_Task item_
Transcribe the entries below exactly, starting with the line that has "Serienmäßig ist der" and stopping after the line that has "Migranti e residenti puliscono piazza"; no pictures belong in the copy.

_Material to process_

____

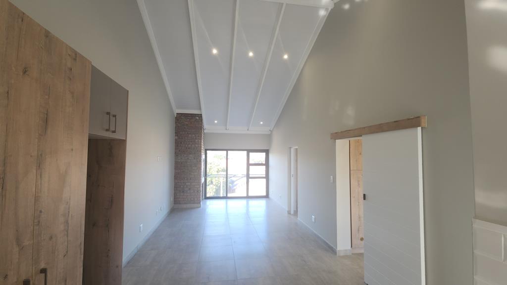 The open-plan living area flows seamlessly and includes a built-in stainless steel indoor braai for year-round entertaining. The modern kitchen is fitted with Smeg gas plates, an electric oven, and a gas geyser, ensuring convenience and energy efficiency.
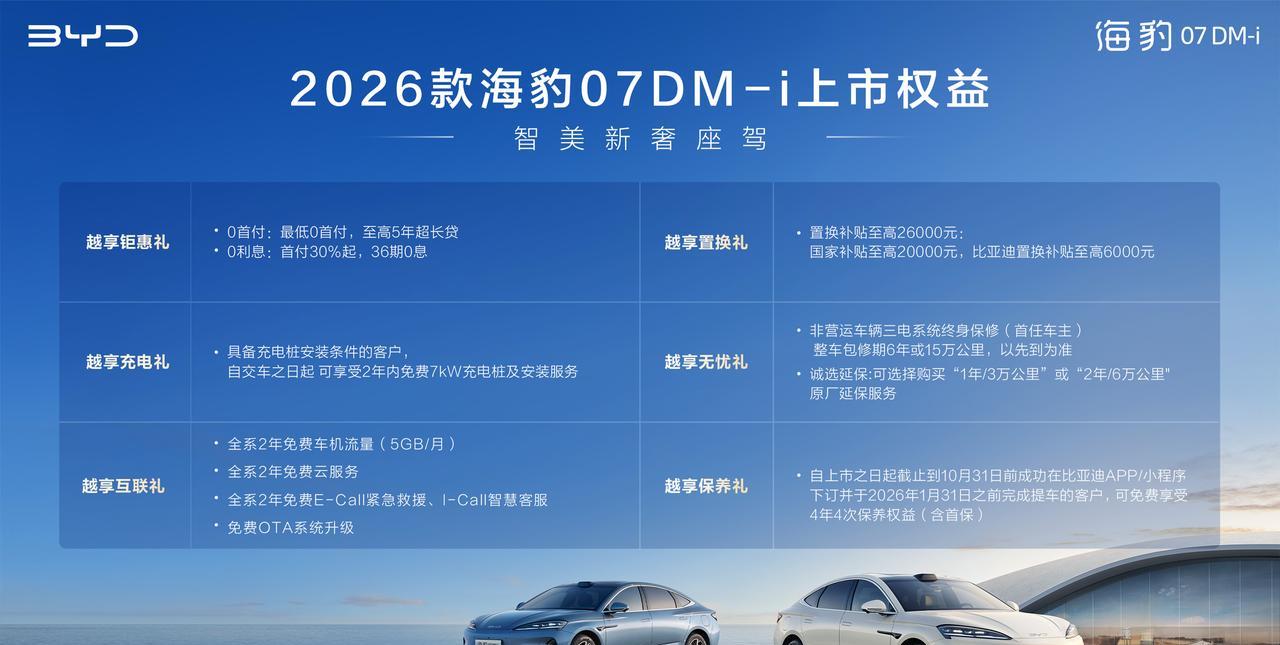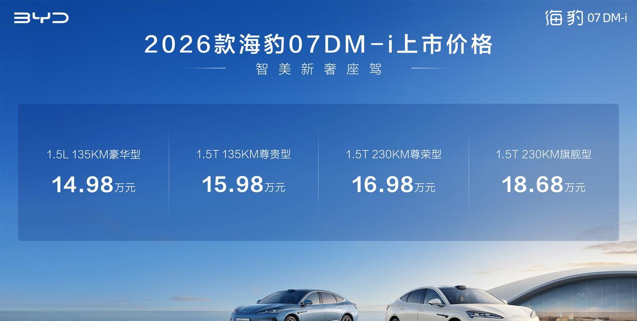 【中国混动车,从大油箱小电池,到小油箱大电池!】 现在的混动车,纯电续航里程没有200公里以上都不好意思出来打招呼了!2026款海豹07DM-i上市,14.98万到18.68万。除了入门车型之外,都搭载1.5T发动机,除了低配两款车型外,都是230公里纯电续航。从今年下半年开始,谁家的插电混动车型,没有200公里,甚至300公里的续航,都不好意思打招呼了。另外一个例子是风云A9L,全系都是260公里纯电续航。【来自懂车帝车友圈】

____

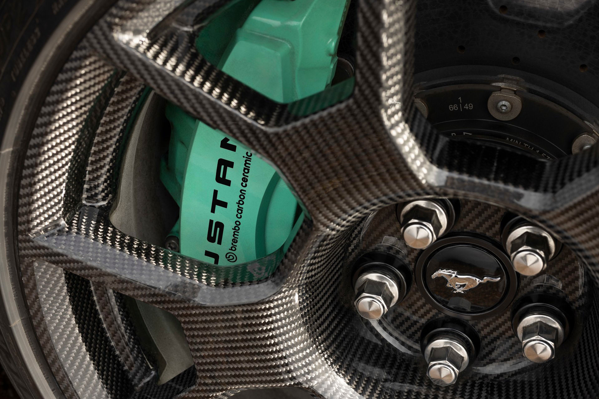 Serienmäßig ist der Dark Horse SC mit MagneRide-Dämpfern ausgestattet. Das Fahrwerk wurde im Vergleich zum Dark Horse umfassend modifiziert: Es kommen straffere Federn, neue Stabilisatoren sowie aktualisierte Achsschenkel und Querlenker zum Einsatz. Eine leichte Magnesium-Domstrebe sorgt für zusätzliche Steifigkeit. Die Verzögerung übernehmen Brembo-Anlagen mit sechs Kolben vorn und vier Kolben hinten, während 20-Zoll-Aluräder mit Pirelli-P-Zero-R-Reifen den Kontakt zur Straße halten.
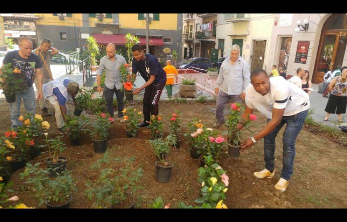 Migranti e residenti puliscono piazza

____

_Completed exercise_
 Serienmäßig ist der Dark Horse SC mit MagneRide-Dämpfern ausgestattet. Das Fahrwerk wurde im Vergleich zum Dark Horse umfassend modifiziert: Es kommen straffere Federn, neue Stabilisatoren sowie aktualisierte Achsschenkel und Querlenker zum Einsatz. Eine leichte Magnesium-Domstrebe sorgt für zusätzliche Steifigkeit. Die Verzögerung übernehmen Brembo-Anlagen mit sechs Kolben vorn und vier Kolben hinten, während 20-Zoll-Aluräder mit Pirelli-P-Zero-R-Reifen den Kontakt zur Straße halten.
 Migranti e residenti puliscono piazza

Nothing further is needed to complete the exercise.